Proprietary surveys done for automakers typically ask a variety of questions, such as how long of a wait a customer had for a vehicle being serviced or whether a salesman exerted too much pressure. Maritz Polls, meanwhile, look at issues such as how recent gas hikes affected driving habits.
Gary Eversole, group vice president for Maritz Inc., says the 400 Maumee employees primarily handle auto surveys.
Maritz Inc. of St. Louis, the parent firm, got into automotive research in the 1970s by acquiring a string of small players. One was the former Rogers National Research of Toledo, and Maritz has been growing in the area ever since.
When the local group moved from Sylvania Township to larger digs in Arrowhead Park in 1999, for example, it had 300 employees and roughly $70 million in annual sales. Today, about half of the operation's employees work in such areas as information technology and statistics. The rest are production employees doing laser printing, mailings, data entry, and other tasks.
Customer satisfaction has become increasingly important for both automakers and dealers, said Paul Taylor, chief economist for the National Automobile Dealers Association. The association this year launched its own research system, called NADA-24, that surveys customers about their dealership experiences within 24 hours of a visit.
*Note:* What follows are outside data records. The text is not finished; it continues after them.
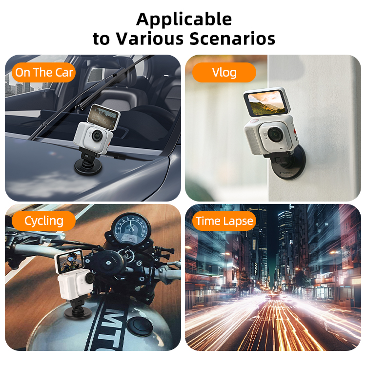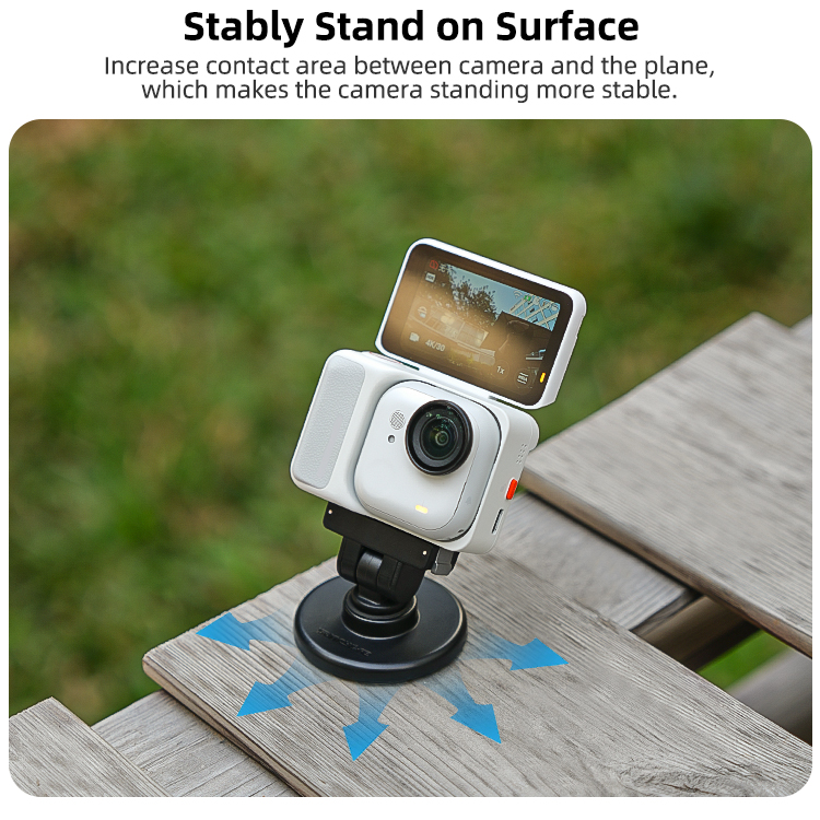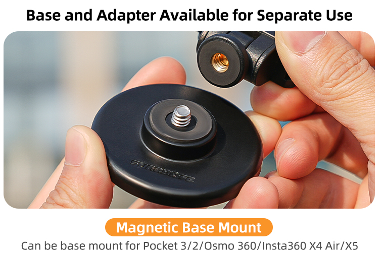 - The base and adapter are available for separate use. The magnetic base mount can be base mount for various action cameras, and the adapter can use with selfie stick, tripod and other 1/4” threaded accessories.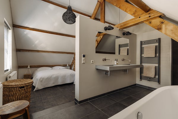 Via een open houten trap in de hal bereikt u de eerste verdieping, waar zich in totaal vier ruime slaapkamers bevinden. De gang op de eerste etage is breed, hoog en indrukwekkend door de houten balkenstructuur. Aan de achterzijde liggen twee ruime slaapkamers, met daarnaast een derde slaapkamer aan de zijkant van de woning. Aan de voorzijde bevindt zich de royale master bedroom, compleet met een ruime inloopkast en een luxe badkamer ensuite. Deze badkamer is uitgerust met een comfortabele inloopdouche, dubbele wastafel, een vrijstaand bad en heeft aangenaam daglicht door 2 grote ramen. Verder vindt u op deze verdieping een tweede badkamer met inloopdouche, wastafelmeubel- en kast en een separaat toilet. De gehele verdieping is voorzien van een houten vloer.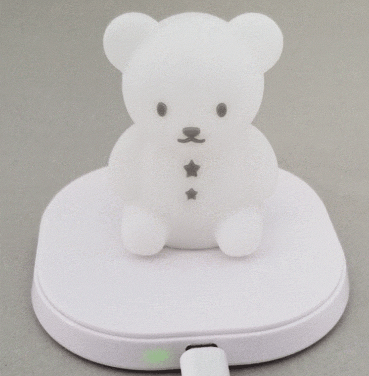 雑貨メーカー 株式会社ハシートップインからリリースされている、Qi対応ワイヤレス充電器付きのシリコン製の光るフィギュア「こぐまのおやすみライト(チャージアンド)」。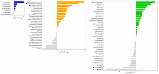 Comparison of gut microbiota relative abundance at the phylum (left panel, blue), family (middle panel, orange), and genus (right panel, green) levels between participants with PF&S and nonPF&S controls. Comparisons with a negative log2 fold change (log2FC) are represented in grey. Only comparisons with a log2FC higher or lower than ± 1.5 and an adjusted p value < 0.05 are considered significant (*).

"It's a key issue because the competition is so intense in the industry now among the brands," Mr. Taylor said.
Maritz's auto group also does more than 1 million telephone interviews a year with vehicle customers as well as online surveys. Telephone work is done throughout the country.
The Maumee operation, which has long used advanced technology, delivers results to dealerships and automakers online, often as quick as 24 hours.